Yeah, I also remember the "can't be cancer because it's painful" reasoning about the lesion on my tongue that turned out to be cancer. As you can see from my "signature", I was stage II and had both radiation and chemo. I am fairly young (not as young as you) and in pretty good health otherwise and I was sure I could take it but I will say it's the hardest thing I ever did (including finishing and defending a dissertation!) and I am still in a long and wearing recovery (but I think I've had a slightly worse time recovering than most folks here).

It has really given me peace of mind, though, to know I did everything I could to fight this battle the first time. I don't spend a lot of energy worrying about a recurrence because I know I did everything I could. Like Gina, the ultimate question for me in making the decision about radiation was how would I feel if I *didn't* have aggressive treatment and the cancer came back. I know I'd feel I had sold my own life short because of fear of the radiation and I decided I didn't want to ever take the chance of feeling that way.

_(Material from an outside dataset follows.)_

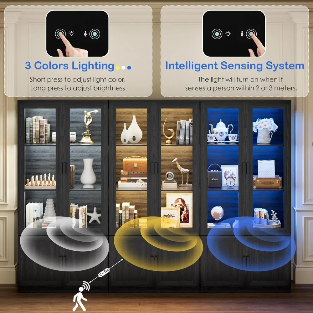 - 【Eye-Catching LED Lighting】Featuring 3 color LED lights with adjustable brightness, this curio cabinet will add a touch of elegance and sophistication to any space in your home.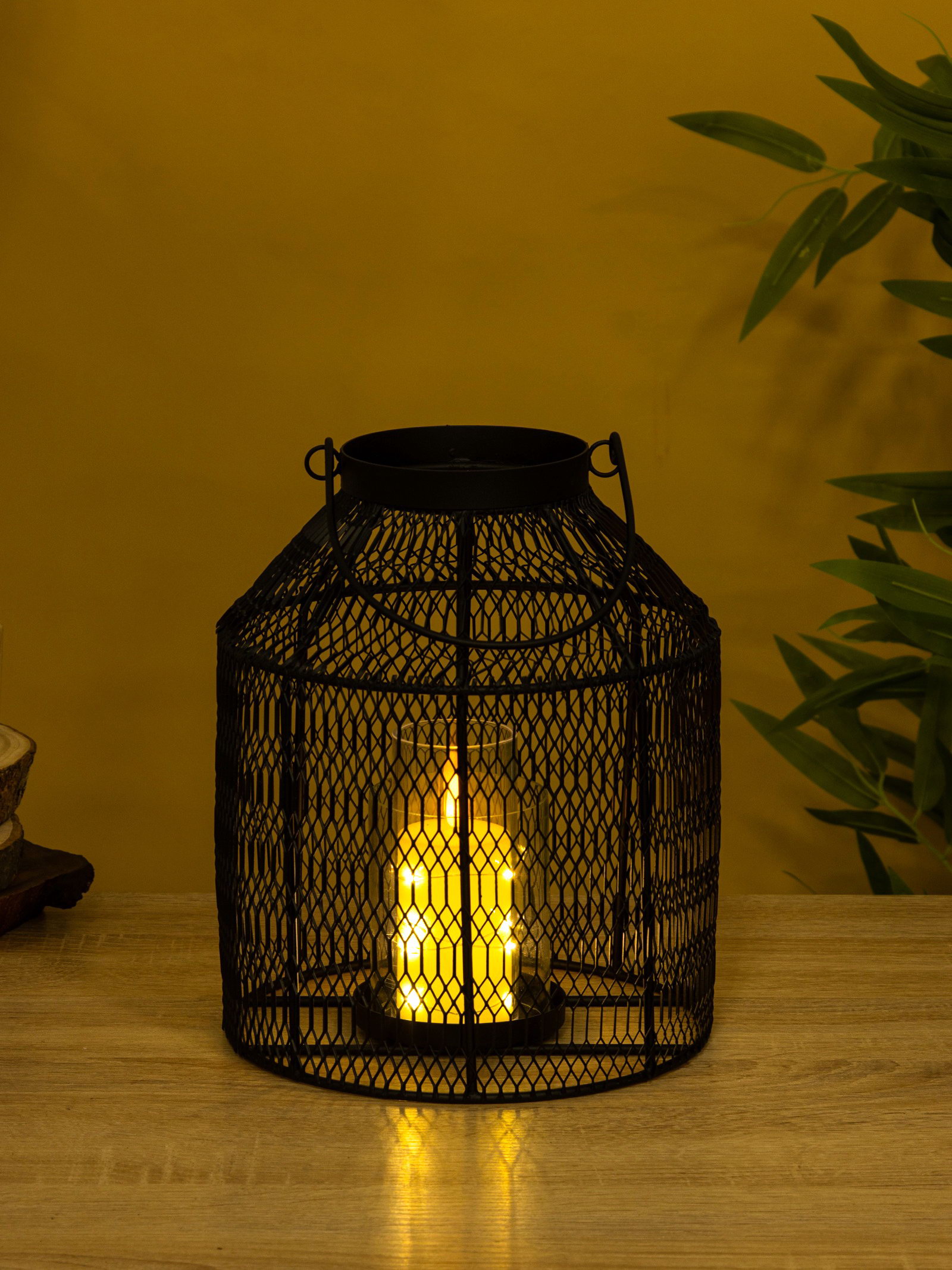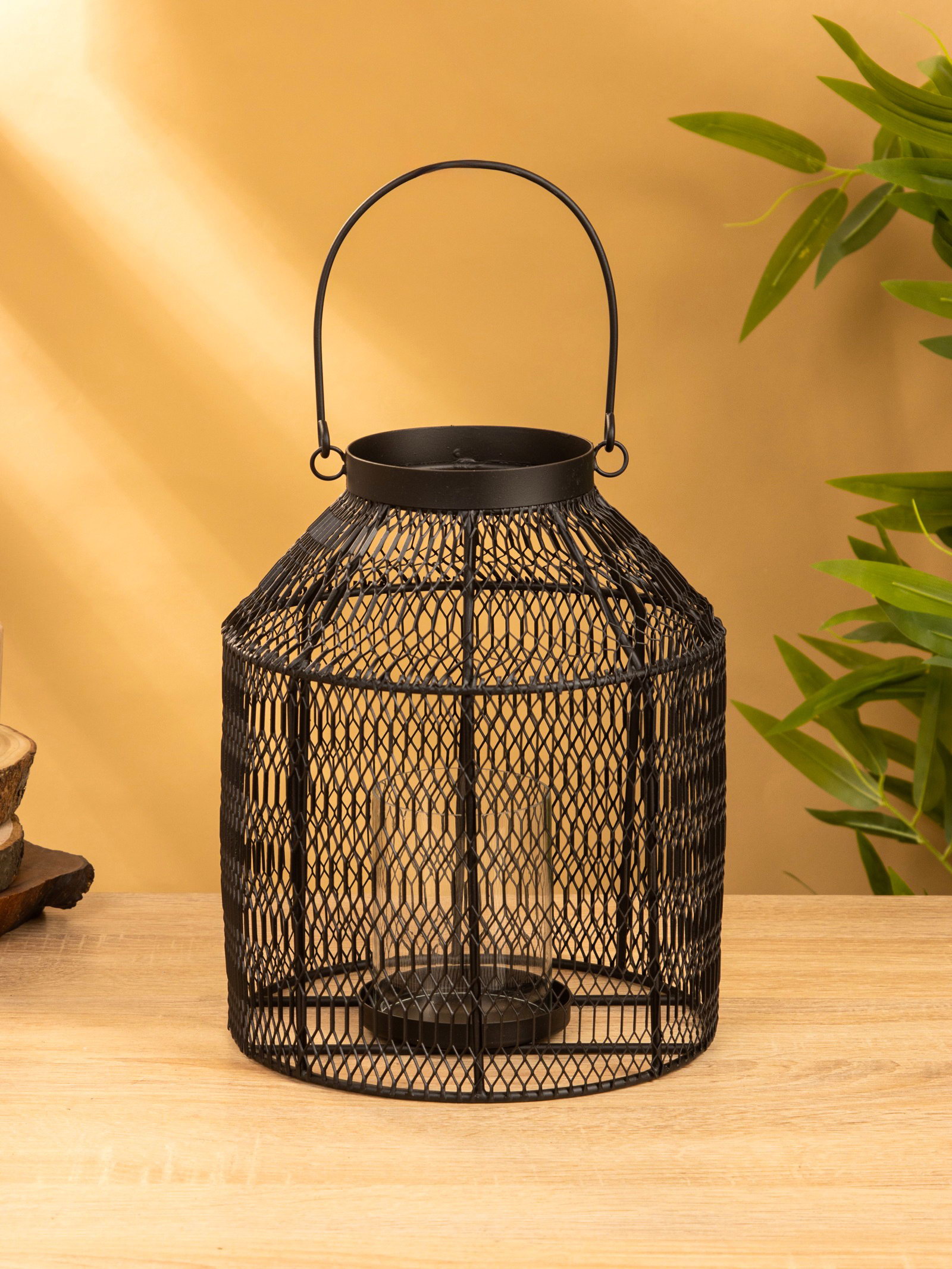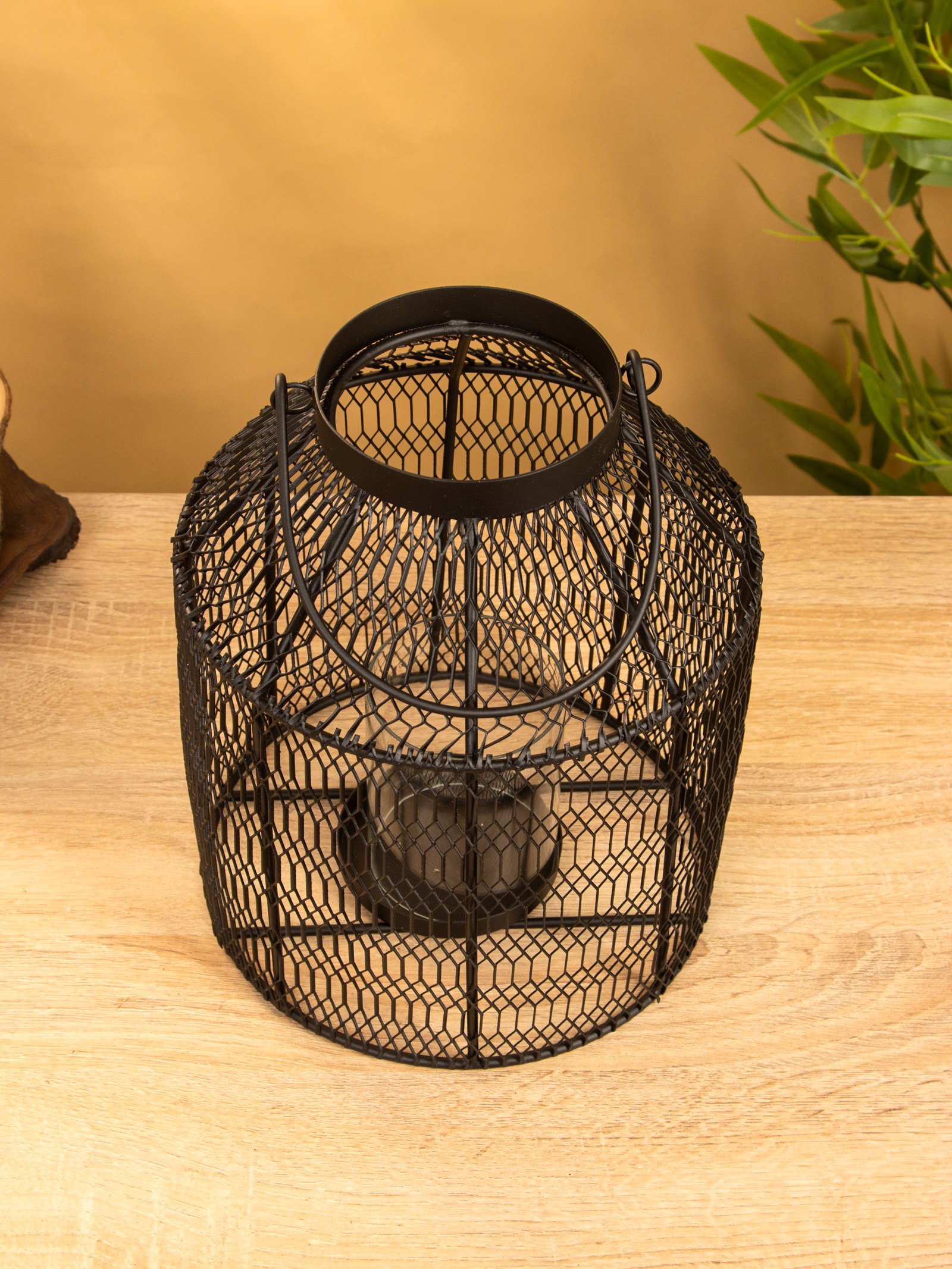 Подсвечник фонарь со стеклянной колбой 20х20х26 см, d 9 см, металл, цв. черный, 20.5x20.5x24.8 см., Индия

My ENT here strongly backed taking the aggressive approach--even when he at first disagreed with the rad oncologist hired by Roswell Park, who recommended that a "wait and watch" approach be used. The ENT's argument was very clear--that I was young and strong and I should do everything I could to try to beat this back for good so that I'd be cancer free not only at the 5 year "cure" mark but also 20 years from now. I ended up going to Dana Farber for a second opinion and based on what they saw as some risk factors of recurrence from the pathology of my tumor, they were much more firm in recommending radiation (and chemo, which I think is worth considering if you choose radiation since it boosts the effectiveness of the radiation by quite a bit). So I went with their recommendation.

It's a tough treatment, no question, but if you choose to have it you'll find plenty of support here from people who have been through it and all sorts of answers to questions you may have. Please do let us know what the tumor board recommends and what you end up deciding.

Nelie

Thanks so much to everyone for writing. It is very helpful. I am going to Hopkins tomorrow, so I may have a better idea of my treatment course after that. Thanks again to everyone for sharing. -LauraG

Laura, please let us know what's next for you. Take Care, Carol

After being a member of the site and hearing all the situations. My advise is get 2 options from top rated cancer centers. They see it all and can advise risks. Be aggressive to get this as early as you can. If it mestastesizes its a whole lot tougher and lower success odds. I did radiation to make sure I got it all and even thought I have had some side effects they are very subdued as time goes on and I am glad I did the radiation dispite the tough times it has and the minor side effects.